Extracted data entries
┏━━
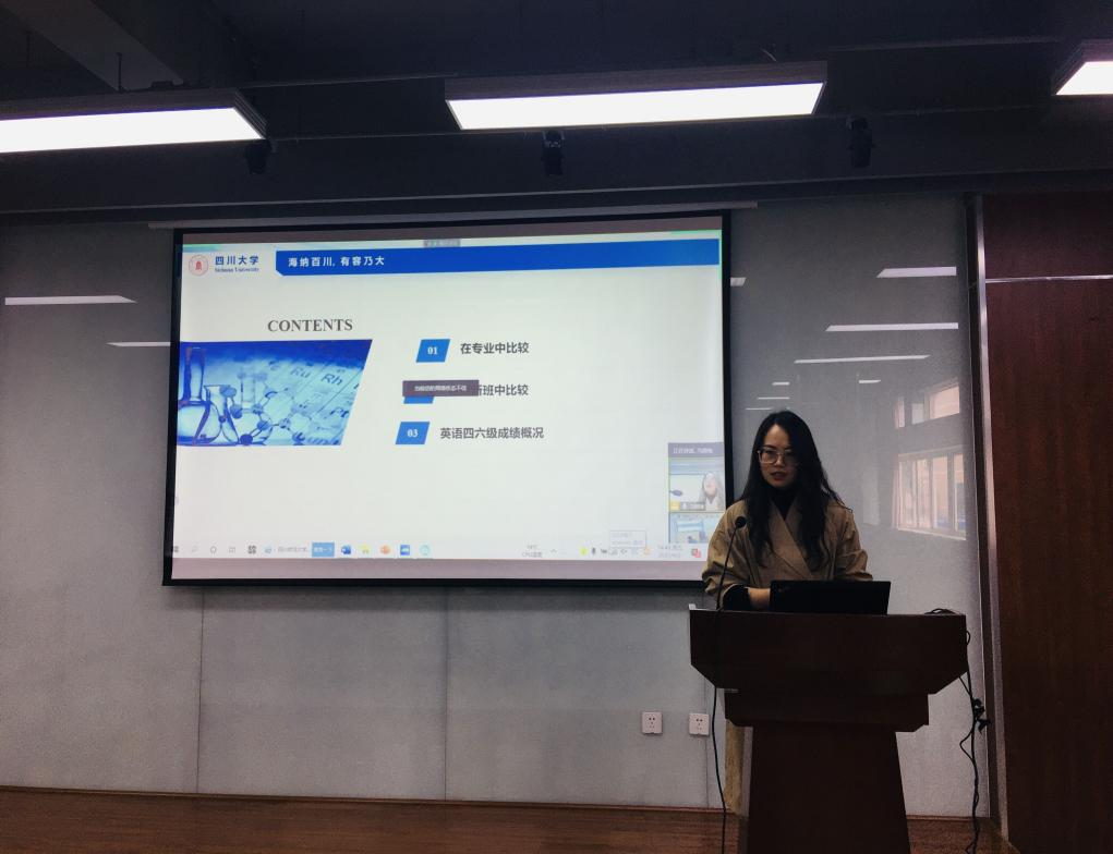2018级辅导员杨维老师�2019级辅导员贺婷老师分别�普通班与创�班比较、创新班内不同专业比较�英语四六级成绩等方面向与会人员做了创新班学生成绩分析�
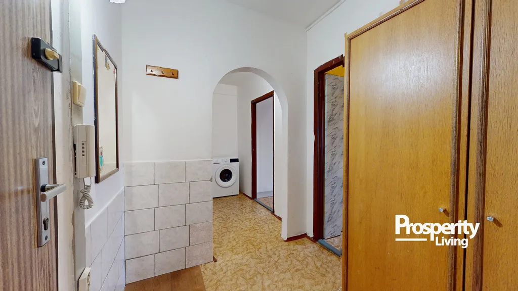 Dispoziční řešení bytu nabízí vstupní chodbu, prostorný obývací pokoj s kuchyňským koutem, ložnici a koupelnu s toaletou. Nabízený byt je v původním stavu, má umakartové bytové jádro, plastová okna. Podlahovou krytinu tvoří PVC. Velmi nízké měsíční náklady, lze získat na prohlídce. K bytu náleží sklepní kóje.
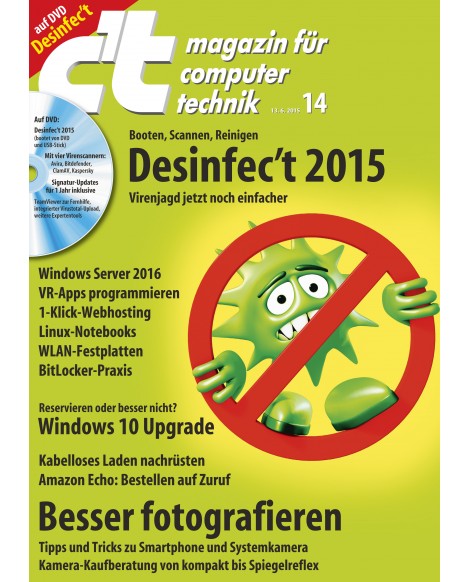Auch 2015 erfreut uns die C't wieder mit einer AntiVirus Boot DVD. Diese liegt dem Magazin 14/2015 bei. Diese kann entweder online bestellt oder im Moment noch im Kiosk käuflich erworben werden. Da es sich nicht um freie Software handelt, dürfen wir diese auch nicht zum Download anbieten. Im Heise Shop kostet sie im Moment noch 4,50 EUR.
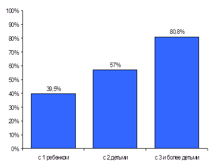 Особым объектом системы социальной защиты являются многодетные семьи, имеющие трех и более детей. Месячный доход большинства такого типа семей ниже прожиточного уровня [24, с. 97] (см. рис. 3.3).
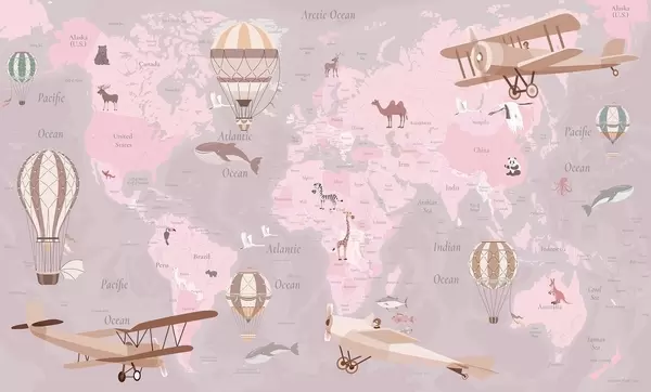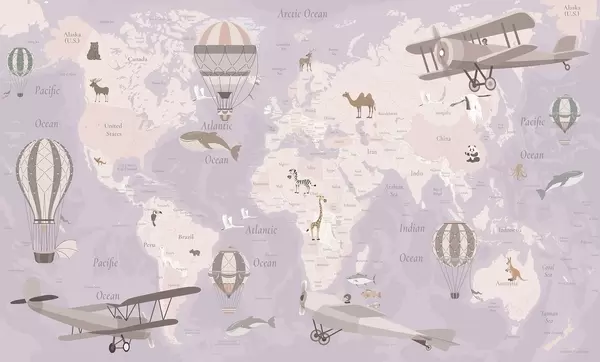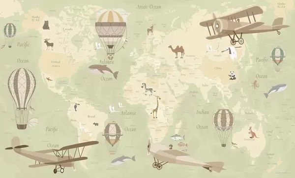 Fototapet Harta lumii pentru copii cu animale, avioane și baloane cu aer cald. Limba engleză. Culoare bej. Nr. c00003en
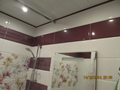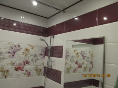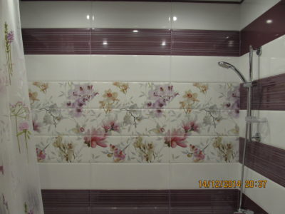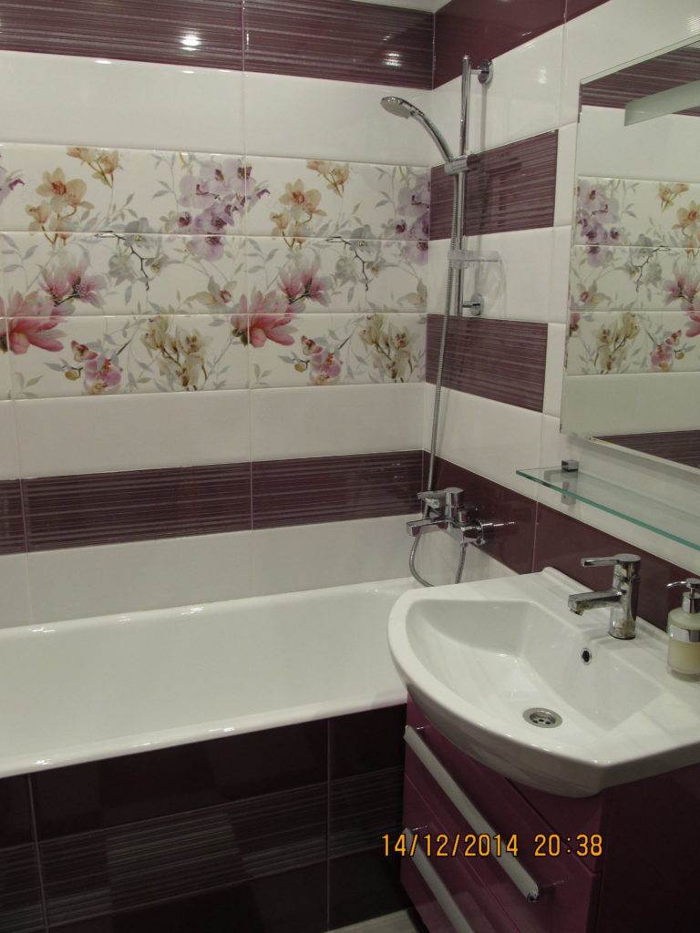 Для воплощения дизайнерской идеи при ремонте ванной комнаты на улице Чертановская была закуплена керамическая плитка с глянцевой поверхностью двух контрастных цветов. Смелое сочетание белого и бордо позволило создать в помещении камерную обстановку, а декоративное панно из кафеля с цветочным принтом придало композиции дополнительного шарма. Мы установили реечный потолок и вмонтировали в подвесную конструкцию точечные светильники. Для создания целостного ансамбля по краям потолка смонтирована темно-коричневая лента, а для обработки швов использовалась двухкомпонентная затирка с блестками. Из сантехники установлены ванна, умывальник с тумбой и полотенцесушитель. Также мы подключили стиральную машину, смонтировали шкаф для хранения кухонных принадлежностей и закрепили на стене держатель для душа. Цена ремонте – 73500 тысяч рублей. Стоимость расходных материалов – 20 тыс. руб.
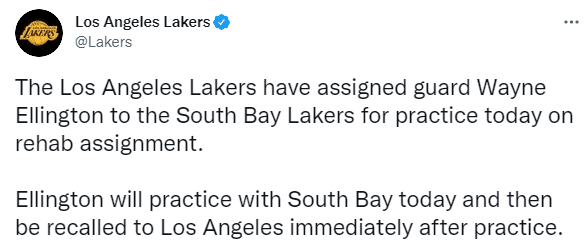 湖人新援艾灵顿(腿筋拉伤)已经接近复出,将和南湾湖人一起进行训练,将在训练之后被召回到洛杉矶。
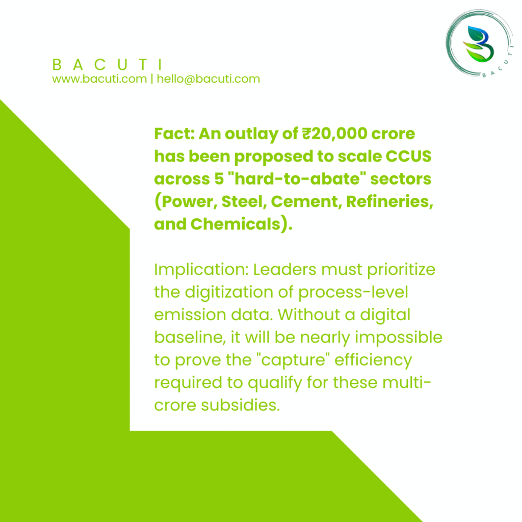 Leaders must prioritize the digitization of process-level emission data. Without a digital baseline, it will be nearly impossible to prove the “capture” efficiency required to qualify for these multi-crore subsidies.
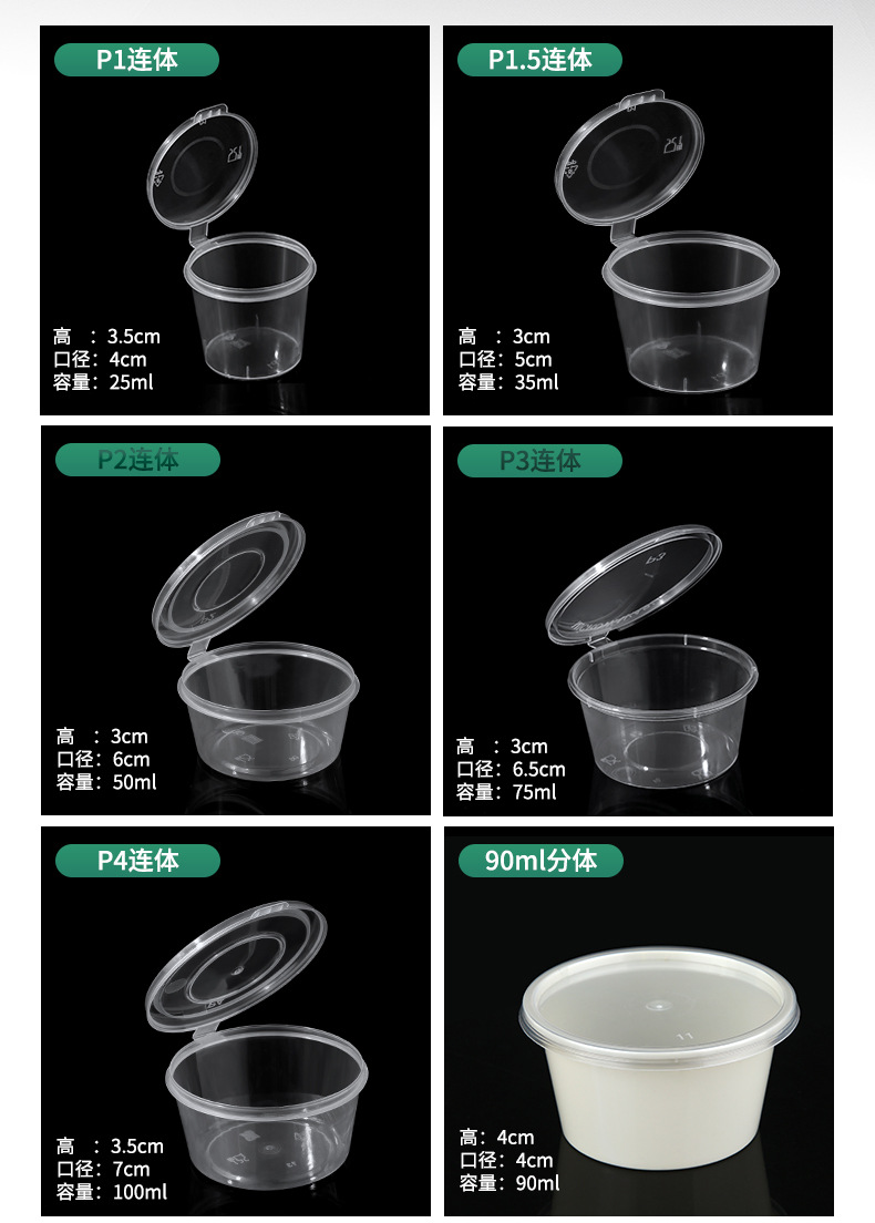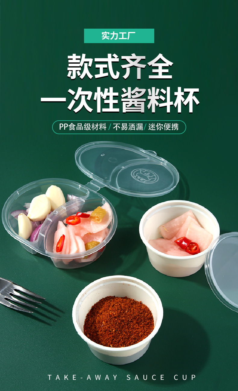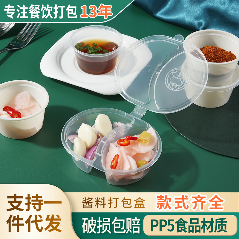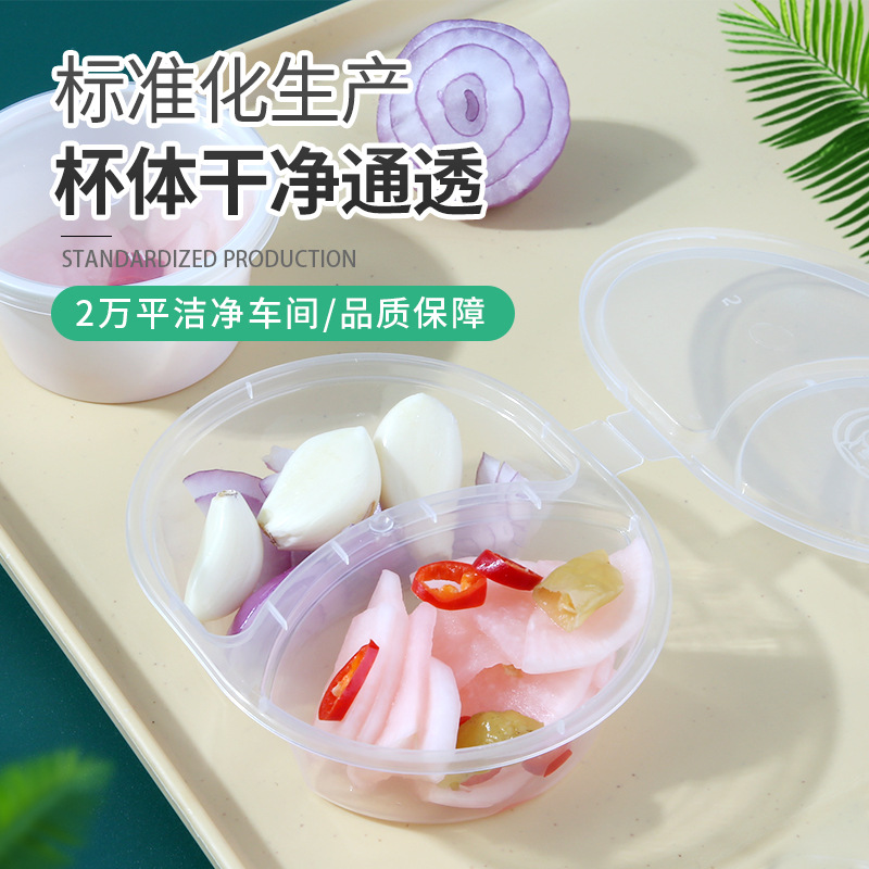 一次性酱料盒连体带盖蘸料杯外卖调料盒密封加厚外扣圆形小料盒子
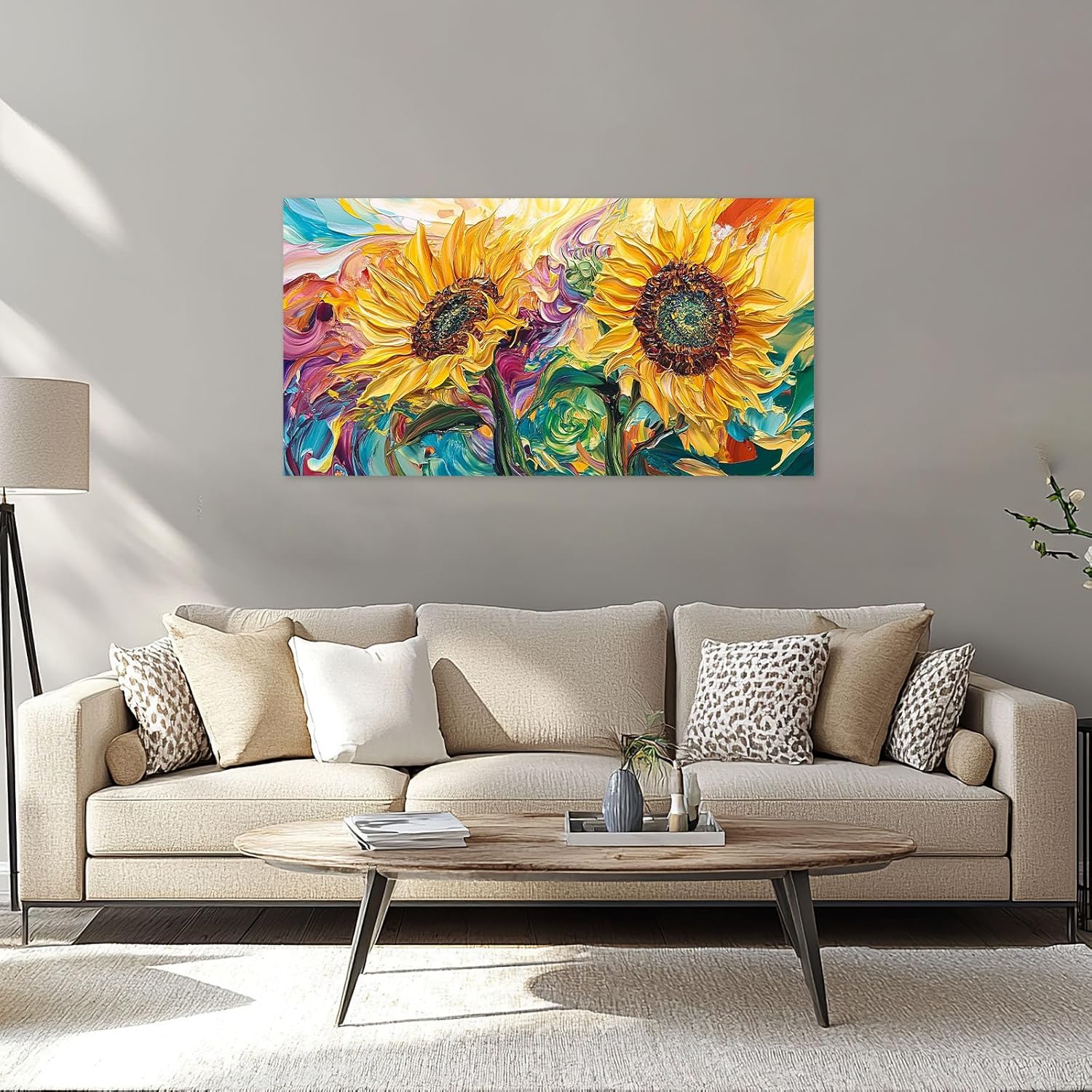 Large Sunflower Wall Art Canvas Living Room Floral Flower Pictures Framed Prints Oversize Wall Decor Painting for Bedroom Dining Office Home 60"x30"
┗━━
Exercise directions:
All entries should be restated word for word; no images belong in the copy.

Response:
2018级辅导员杨维老师�2019级辅导员贺婷老师分别�普通班与创�班比较、创新班内不同专业比较�英语四六级成绩等方面向与会人员做了创新班学生成绩分析�
 Dispoziční řešení bytu nabízí vstupní chodbu, prostorný obývací pokoj s kuchyňským koutem, ložnici a koupelnu s toaletou. Nabízený byt je v původním stavu, má umakartové bytové jádro, plastová okna. Podlahovou krytinu tvoří PVC. Velmi nízké měsíční náklady, lze získat na prohlídce. K bytu náleží sklepní kóje.
Auch 2015 erfreut uns die C't wieder mit einer AntiVirus Boot DVD. Diese liegt dem Magazin 14/2015 bei. Diese kann entweder online bestellt oder im Moment noch im Kiosk käuflich erworben werden. Da es sich nicht um freie Software handelt, dürfen wir diese auch nicht zum Download anbieten. Im Heise Shop kostet sie im Moment noch 4,50 EUR.
 Особым объектом системы социальной защиты являются многодетные семьи, имеющие трех и более детей. Месячный доход большинства такого типа семей ниже прожиточного уровня [24, с. 97] (см. рис. 3.3).
 Fototapet Harta lumii pentru copii cu animale, avioane și baloane cu aer cald. Limba engleză. Culoare bej. Nr. c00003en
 Для воплощения дизайнерской идеи при ремонте ванной комнаты на улице Чертановская была закуплена керамическая плитка с глянцевой поверхностью двух контрастных цветов. Смелое сочетание белого и бордо позволило создать в помещении камерную обстановку, а декоративное панно из кафеля с цветочным принтом придало композиции дополнительного шарма. Мы установили реечный потолок и вмонтировали в подвесную конструкцию точечные светильники. Для создания целостного ансамбля по краям потолка смонтирована темно-коричневая лента, а для обработки швов использовалась двухкомпонентная затирка с блестками. Из сантехники установлены ванна, умывальник с тумбой и полотенцесушитель. Также мы подключили стиральную машину, смонтировали шкаф для хранения кухонных принадлежностей и закрепили на стене держатель для душа. Цена ремонте – 73500 тысяч рублей. Стоимость расходных материалов – 20 тыс. руб.
 湖人新援艾灵顿(腿筋拉伤)已经接近复出,将和南湾湖人一起进行训练,将在训练之后被召回到洛杉矶。
 Leaders must prioritize the digitization of process-level emission data. Without a digital baseline, it will be nearly impossible to prove the “capture” efficiency required to qualify for these multi-crore subsidies.
 一次性酱料盒连体带盖蘸料杯外卖调料盒密封加厚外扣圆形小料盒子
 Large Sunflower Wall Art Canvas Living Room Floral Flower Pictures Framed Prints Oversize Wall Decor Painting for Bedroom Dining Office Home 60"x30"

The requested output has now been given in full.